Not to knock anyone who chooses any of those things - because it's your wedding day and you should do what makes you happy. I just found that keeping it real is what ultimately made me the happiest.

43
Tracy D
Mar 18, 2009

I don't get the princess thing either. I also don't get spending a fortune on one day because it's supposed to be "the best day of your life". I got married last May and spent $10,000 on the whole wedding. I wore a beautiful (non-princess) dress and no veil because I couldn't bring myself to spend $100-200 on white mesh. A tiara was out of the question. Hello - I'm getting married, not crowned Miss America!

We paid for what was important to us at our wedding - good food, good wine, awesome cupcakes, and our closest friends and family. We cut out a band or DJ, we did cupcakes because they were cheaper than a full cake, and we had very inexpensive decorations and flowers. HOWEVER, I didn't like people telling me what I should or shouldn't do (my mom was the worst!) for my wedding, so I try not to either.

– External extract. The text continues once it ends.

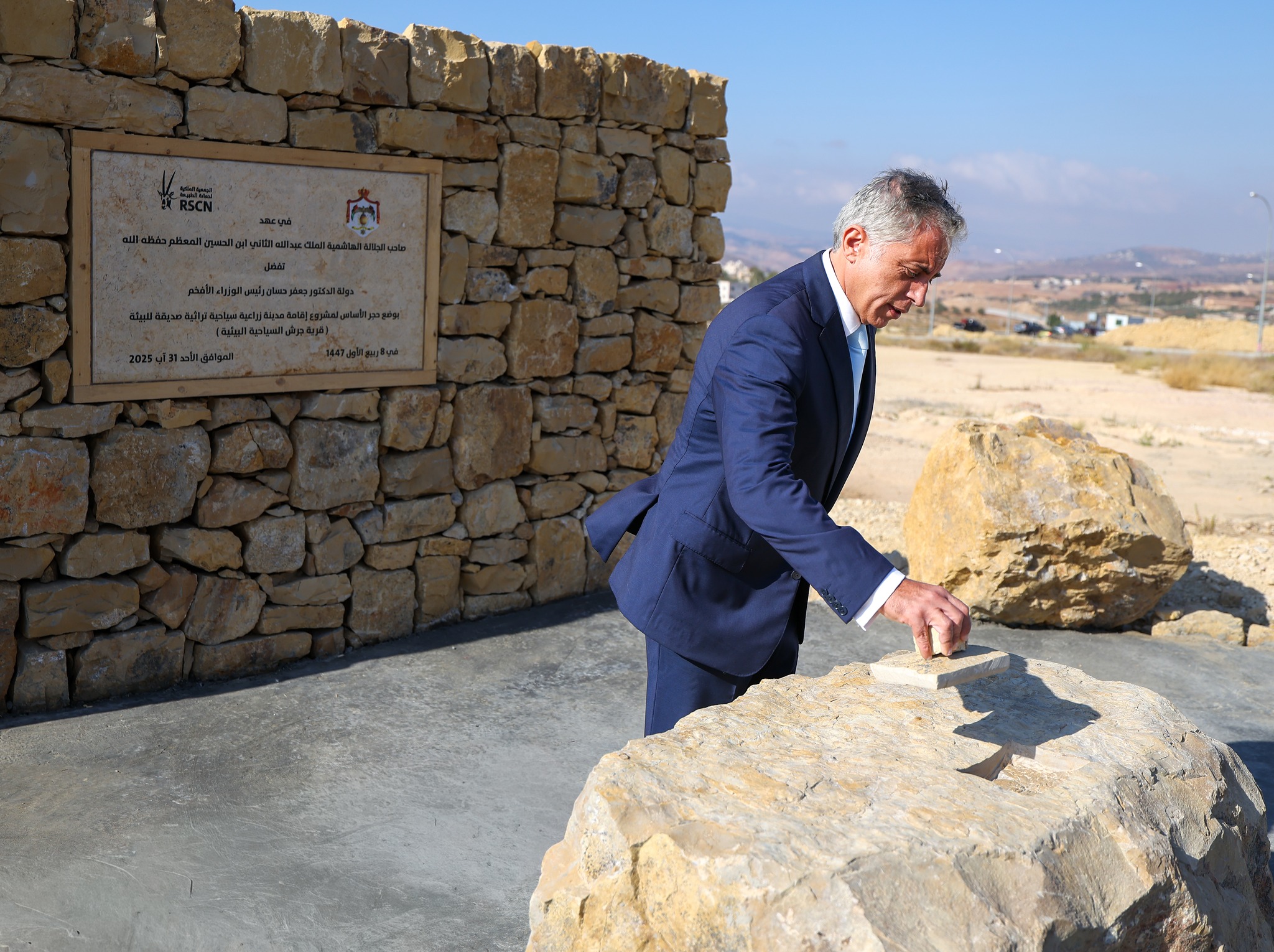 ووضع رئيس الوزراء، الأحد، حجر الأساس لمشروع قرية جرش السياحية البيئية التي كان قد وجه للبدء بتنفيذها في شهر تشرين الثاني من العام الماضي بديلاً عن المدينة الصناعية.

If someone wants to spend $50,000 on their wedding day to look like a Princess so they can execute their fairytale, go for it. It's definitely not my style, but not everyone wants to get married the way I did either.

44
Moose
Mar 18, 2009

Every day I pass a pale blue Audi parked in a lot near Hayes. Perched on the side is a crown with the word "Princess" spelled in rhinestones. It makes me queasy.

If nothing else, I owe women with this inexplicable princess-loving taste for my strong constitution. But I'm so very glad a strong constitution won't be required for your wedding. Unless for restraining myself from sniffling like a chihuahua with a head cold.